Description of the task
Although the records contain pictures, only their text should be set down, exactly as written.
── Entries shown
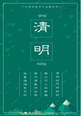 清明节,又称踏青节、行清节、三月节、祭祖节,节期在仲春与暮春之交。清明兼具自然与人文两大内涵,既是自然节气点,也是传统节日。清明节是传统的重大春祭节日,扫墓祭祀、缅怀祖先,是中华民族数千年以来的优良传统,不仅有利于弘扬孝道亲情、唤醒家族共同记忆,还可促进家族成员乃至民族的凝聚力和认同感。
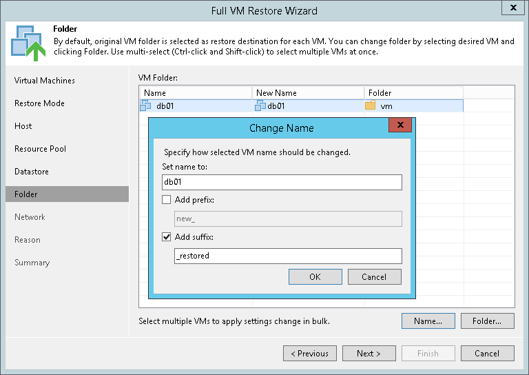 The Folder step of the wizard is available if you have chosen to change the location and settings for the restored VM.
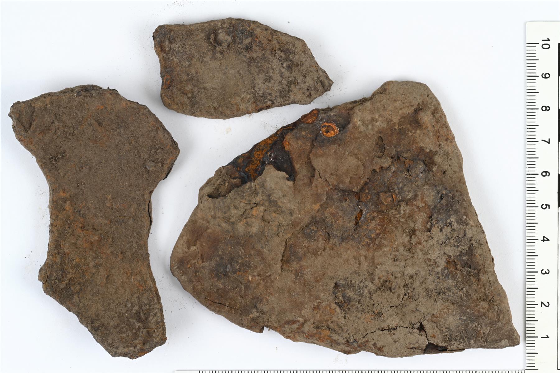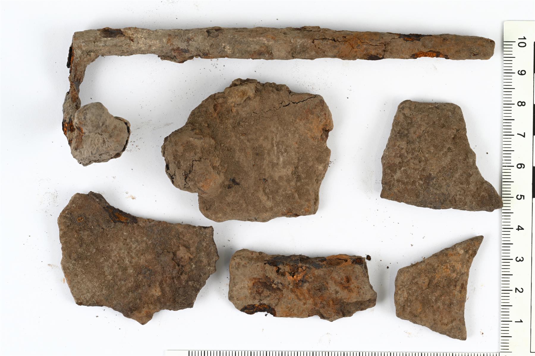 | Valurautapadan kylkikatkelmia ja kahvan osa. | |
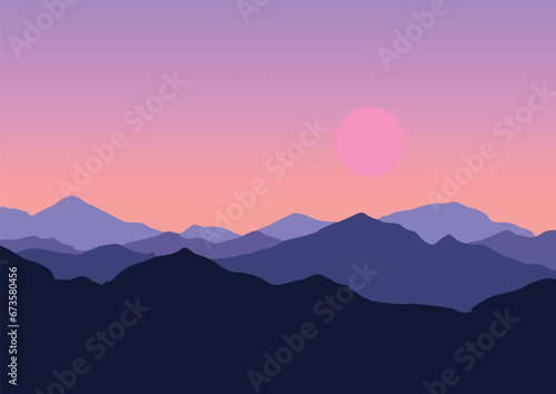 Beautiful mountains in the evening. Vector illustration in flat style.
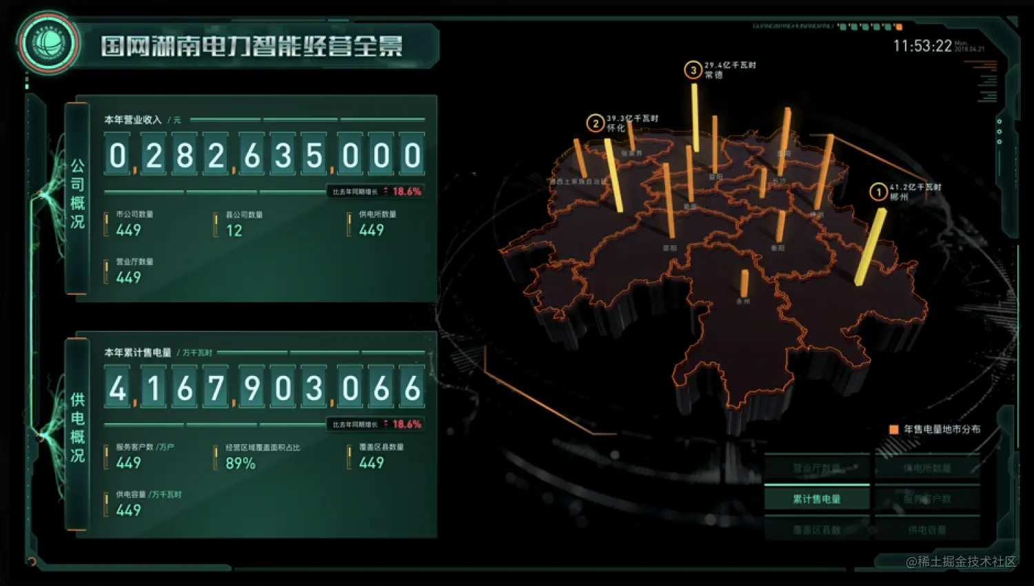 ●供电概况:展示供电概览信息,如本年累计售电量、供电容量、覆盖区县等
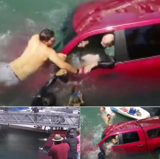 Security footage later provided a chilling view of the incident. The truck, moving with considerable force, tore through the railing as though it were nothing more than paper. Within seconds, the vehicle was submerged nose-first into the marina’s deep water. Witnesses watched in horror as the couple and their small dog became trapped inside the rapidly sinking vehicle. The scene unfolded so quickly that there was little time for hesitation or careful thought—every passing second counted.
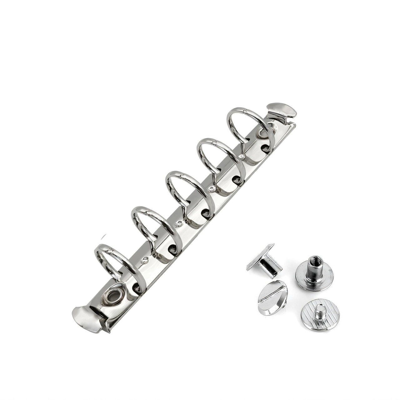M5 多穴式リング バインダー金具 背なしタイプ 5穴【M5-5-15/15】15mm×130mm リング内径15mm 鉄ニッケル鍍金 シルバーシカゴスクリュ付き 手帳 製本 (M5-5穴)
────
Response
 清明节,又称踏青节、行清节、三月节、祭祖节,节期在仲春与暮春之交。清明兼具自然与人文两大内涵,既是自然节气点,也是传统节日。清明节是传统的重大春祭节日,扫墓祭祀、缅怀祖先,是中华民族数千年以来的优良传统,不仅有利于弘扬孝道亲情、唤醒家族共同记忆,还可促进家族成员乃至民族的凝聚力和认同感。
 The Folder step of the wizard is available if you have chosen to change the location and settings for the restored VM.
 | Valurautapadan kylkikatkelmia ja kahvan osa. | |
 Beautiful mountains in the evening. Vector illustration in flat style.
 ●供电概况:展示供电概览信息,如本年累计售电量、供电容量、覆盖区县等
 Security footage later provided a chilling view of the incident. The truck, moving with considerable force, tore through the railing as though it were nothing more than paper. Within seconds, the vehicle was submerged nose-first into the marina’s deep water. Witnesses watched in horror as the couple and their small dog became trapped inside the rapidly sinking vehicle. The scene unfolded so quickly that there was little time for hesitation or careful thought—every passing second counted.
M5 多穴式リング バインダー金具 背なしタイプ 5穴【M5-5-15/15】15mm×130mm リング内径15mm 鉄ニッケル鍍金 シルバーシカゴスクリュ付き 手帳 製本 (M5-5穴)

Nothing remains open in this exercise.